Merge: update cpuidle to match upstream v6.15

jarodwilson · jarodwilson · commit e6fd7afe2b88 · 2025-08-13T16:16:35.000-07:00
MR: https://gitlab.com/redhat/centos-stream/src/kernel/centos-stream-9/-/merge_requests/6766 Resolves: 87863 JIRA: https://issues.redhat.com/browse/RHEL-87863 Signed-off-by: Mark Langsdorf <mlangsdo@redhat.com> Approved-by: Eric Chanudet <echanude@redhat.com> Approved-by: Lenny Szubowicz <lszubowi@redhat.com> Approved-by: David Arcari <darcari@redhat.com> Approved-by: CKI KWF Bot <cki-ci-bot+kwf-gitlab-com@redhat.com> Merged-by: Jarod Wilson <jarod@redhat.com>
diff --git a/Documentation/admin-guide/pm/cpuidle.rst b/Documentation/admin-guide/pm/cpuidle.rst
@@ -269,61 +269,56 @@ Namely, when invoked to select an idle state for a CPU (i.e. an idle state that
 the CPU will ask the processor hardware to enter), it attempts to predict the
 idle duration and uses the predicted value for idle state selection.
 
-It first obtains the time until the closest timer event with the assumption
-that the scheduler tick will be stopped.  That time, referred to as the *sleep
-length* in what follows, is the upper bound on the time before the next CPU
-wakeup.  It is used to determine the sleep length range, which in turn is needed
-to get the sleep length correction factor.
-
-The ``menu`` governor maintains two arrays of sleep length correction factors.
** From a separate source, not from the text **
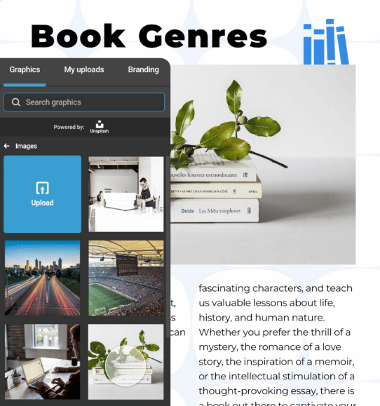 Die Bilder und Icons in den Bibliotheksressourcen stehen Ihnen zur Verfügung und können in Ihren Infogram-Projekten verwendet werden. Dies beseitigt die Notwendigkeit, nach externen Ressourcen zu suchen oder sich um Urheberrechtsprobleme zu kümmern.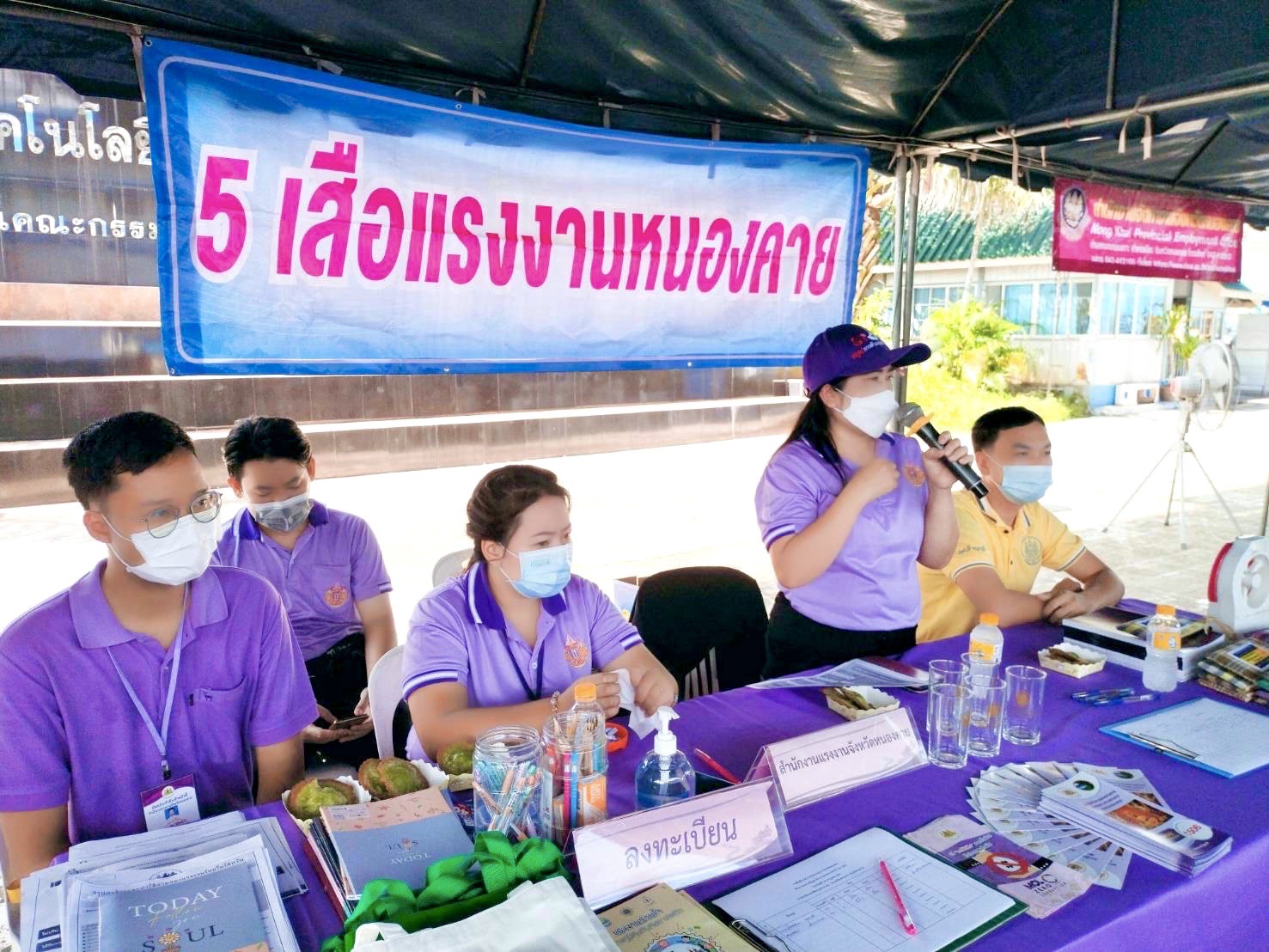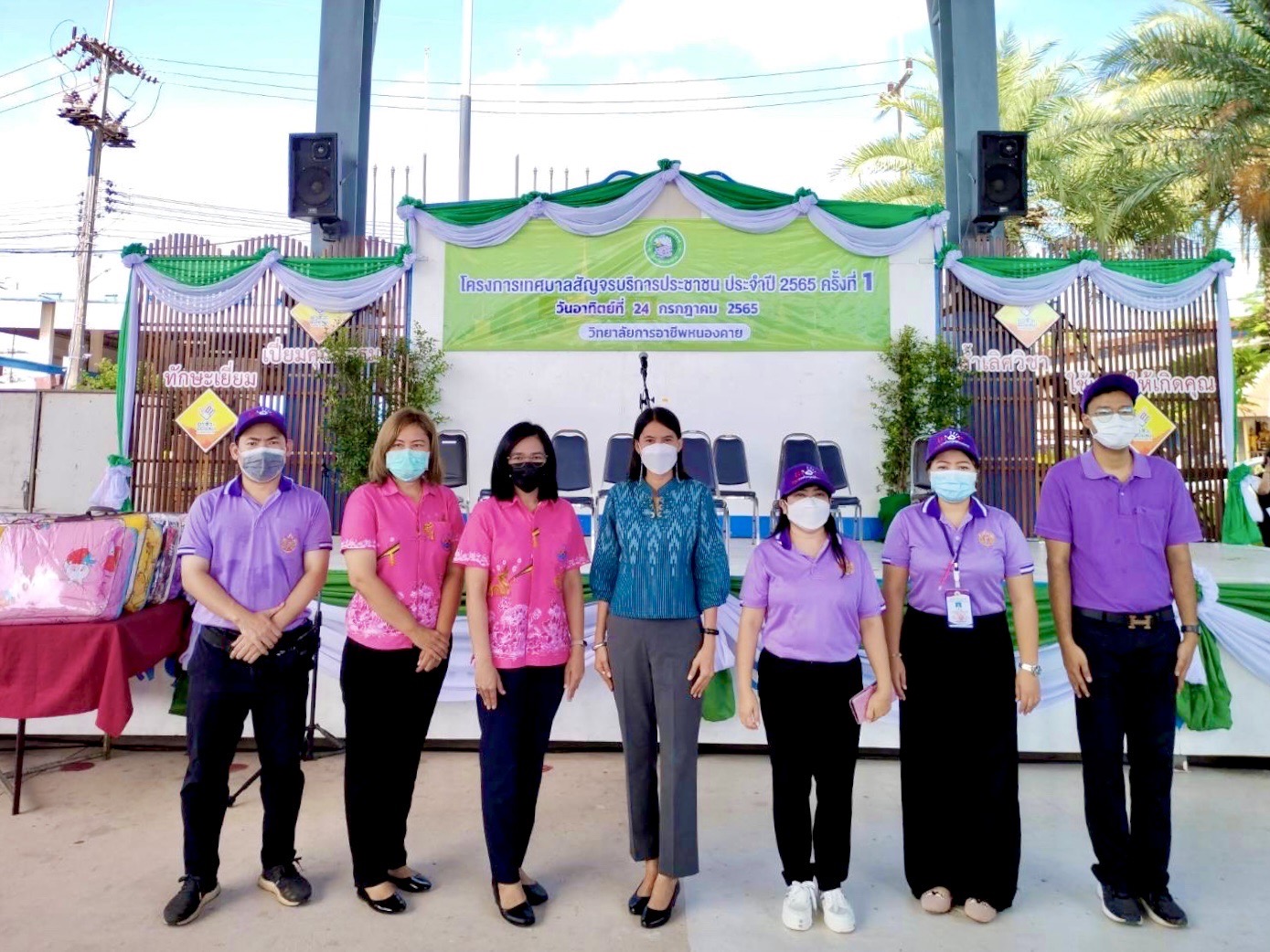 วันที่ 24 กรกฎาคม 2565 เวลา 09.00 น. นางสมหมาย เทียมกัน แรงงานจังหวัดหนองคาย มอบหมายให้นางสาวลีลาวดี ศรีภูธร นักวิชาการแรงงานชำนาญการ และเจ้าหน้าที่ สำนักงานแรงงานจังหวัดหนองคายเข้าร่วมโครงการเทศบาลสัญจรบริการประชาชน ประจำปี 2565 ครั้งที่ 1 ณ วิทยาลัยการอาชีพหนองคาย อำเภอเมือง จังหวัดหนองคาย โดยมีนายอุรุยศ เอียสกุล นายกเทศมนตรีเมืองหนองคาย เป็นประธานในพิธีเปิดโครงการ

-One of them is used when tasks previously running on the given CPU are waiting
-for some I/O operations to complete and the other one is used when that is not
-the case.  Each array contains several correction factor values that correspond
-to different sleep length ranges organized so that each range represented in the
-array is approximately 10 times wider than the previous one.
-
-The correction factor for the given sleep length range (determined before
-selecting the idle state for the CPU) is updated after the CPU has been woken
-up and the closer the sleep length is to the observed idle duration, the closer
-to 1 the correction factor becomes (it must fall between 0 and 1 inclusive).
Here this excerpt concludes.